Yes, and I'm asking in the general sense as well, from a corporate interest position as well as a government one.

Right, and people are different, even in different organisations. Some of them might have commercial interests; some of them might have other interests, like this case shows. But the way that we deal with that, is that in all of the situations that we have open participation and broad input on any topic. So when we have broad review of cryptographic standards, for instance, or selection of some security technology then that's our best chance of combatting any undue influence, whether it's commercial or personal or governmental. And that's the way – rather than trying to block particular persons or particular organisations from the work, make sure that we have enough broad participation, many people commenting on the topic. Then we can be more certain that the results are good.

Changing direction a little bit, what was your reaction to the recent NTIA announcement about relinquishing control of the DNS?

Right – and I think that actually, despite the text that is in the announcement, they actually do talk about not just DNS, but about addresses and protocol parameters as well. All those are in the same contract. I think that the reaction from the different Internet organisations has been fairly positive. We see this as part of the evolution that has been going on around IANA for a long time. The Internet organisations, I think, are strong enough to handle these functions and our communities are broad enough to deal with any issues there. So this is a step in the evolution path, and its a good step.

Finally, Edward Snowden's leaks have unleashed a metaphoric avalanche on your workload, but I believe you recently found yourself in a literal avalanche. What's worse?

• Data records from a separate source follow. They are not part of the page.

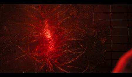 Изображения героев в титрах окрашены в контрастную красно-зелёную палитру, символизирующую два мира в сериале.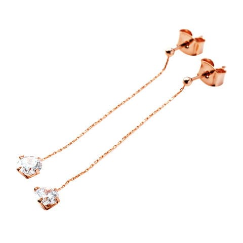 ピアス 金属アレルギー ニッケルフリー レディース 一粒ジルコニア 金属アレルギー対応 ロング チェーン 揺れる cream dot ゆうパケット [ピンクゴールド_ピアス]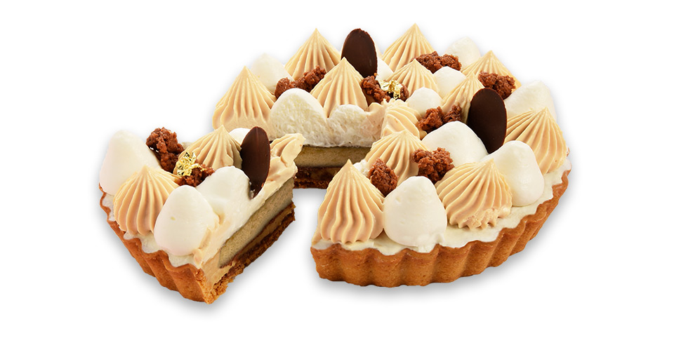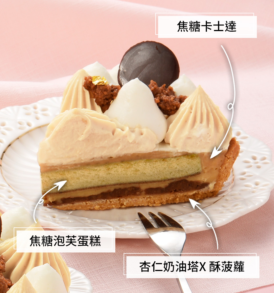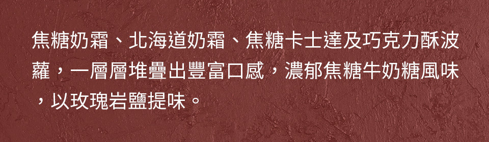表層交織著焦糖的醇厚與清爽的乳霜,玫瑰鹽輕輕劃破甜膩,留下焦糖的苦甜餘韻,最後點綴金箔與巧克力片畫下華麗句點。底部則是運用香氣濃郁的杏仁奶油派塔為基底,疊加牛奶巧克力酥菠蘿、焦糖泡芙蛋糕和焦糖玫瑰鹽卡士達,在酥脆與柔軟間嵌入驚喜的節奏與滑潤口感;手工熬煮的焦糖玫瑰鹽卡士達,以獨特的微鹹點亮焦糖的深邃,讓甜味瞬間立體靈動,這是一場視覺與味覺的盛宴。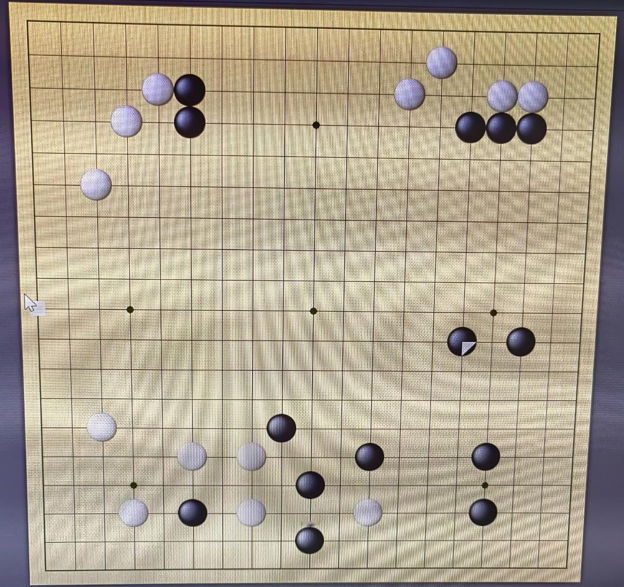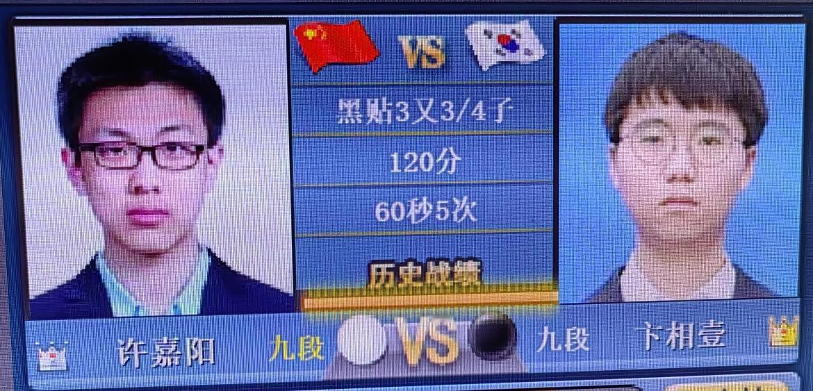 许嘉阳的白棋;卞相壹的黑棋行至25手。均势。
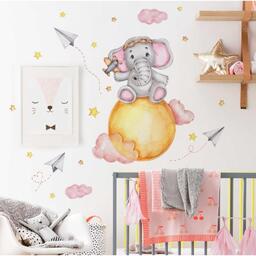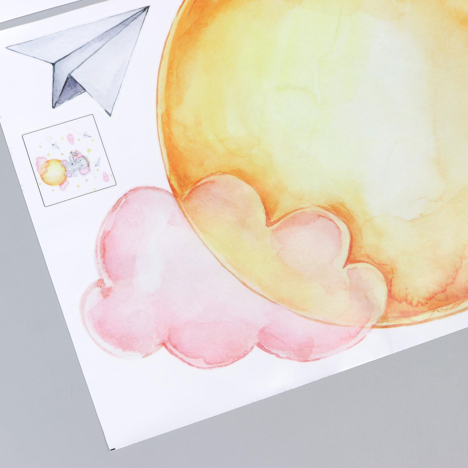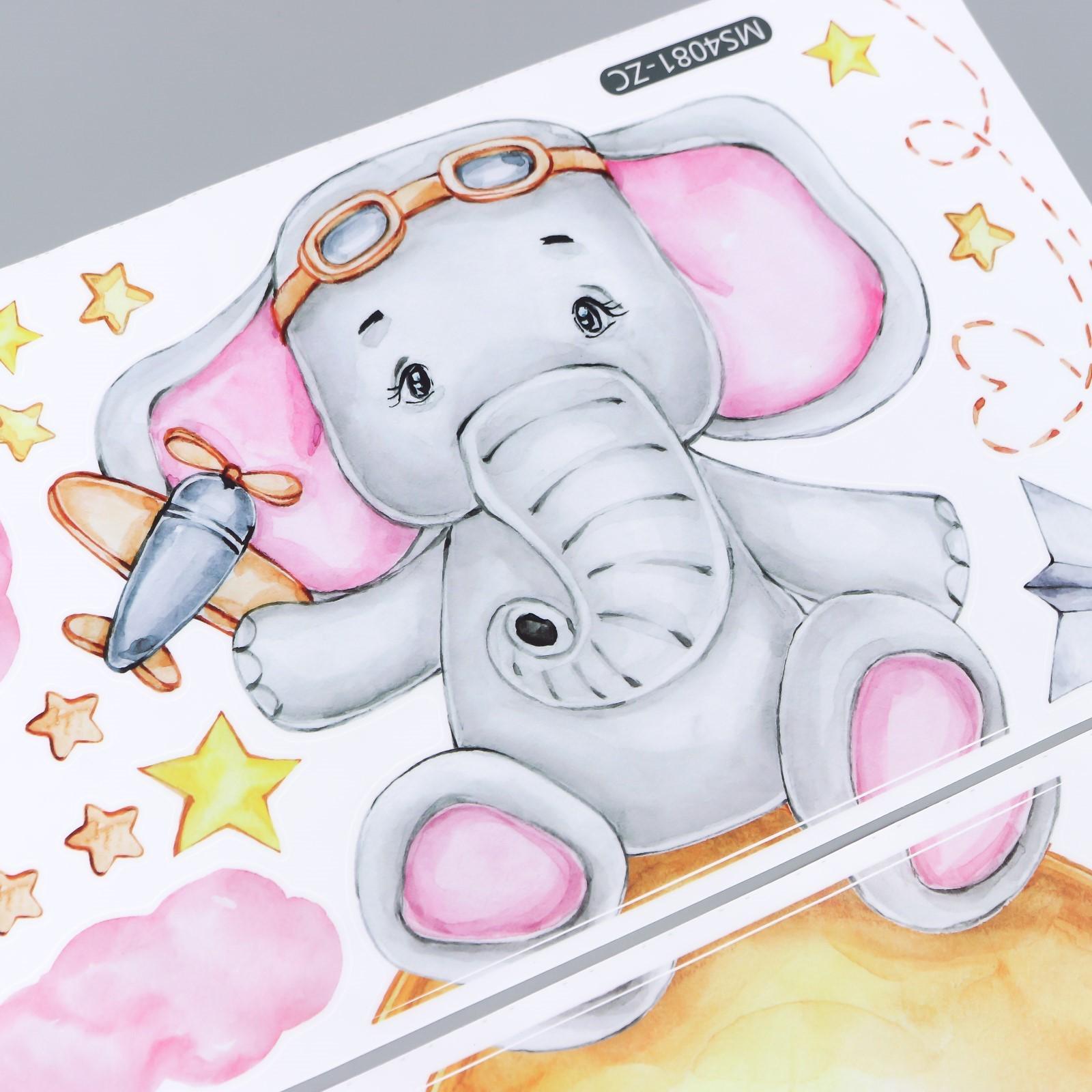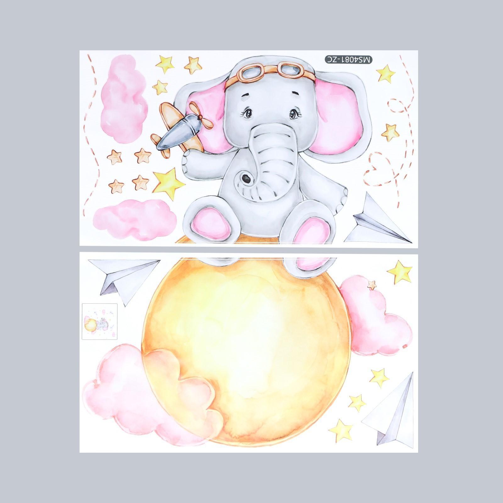 Наклейка пластик интерьерная цветная "Слонёнок с самолётом" набор 2 листа 30х60 см

Obviously the actual avalanche was a great danger...

I guess that's over quickly though.

It is over quickly. But from the perspective of Internet work, the Snowden revelations and everything else that's going on, I don't take it negatively. I think these are opportunities for us to do better for the Internet. That's a very good thing. I see a lot of very constructive, good work in IETF and elsewhere. I think it's a happy thing, improving the security of the Internet, even if you learn of some new issues.

Is there anything else you would like to add?

One more thing. I just wanted to reemphasise that this is not a single event. It's something that has been going on a long time – improving the security of the Internet. And even the intelligence agencies were previously involved in some similar discussions. In the late '90s, early 2000s we had a discussion on whether to use encryption technology at all or whether to use weak or strong encryption. At the time, some countries and some intelligence agencies were of the opinion that those technologies should be limited. But the Internet community chose to do strong encryption and they chose to use encryption to begin with and I think that's the basis of things like e-commerce today. It was obviously the right decision at the time. And last year's and this year's discussions are just another similar situation. We just have to make sure that we have the communications tools that we need for all our tasks.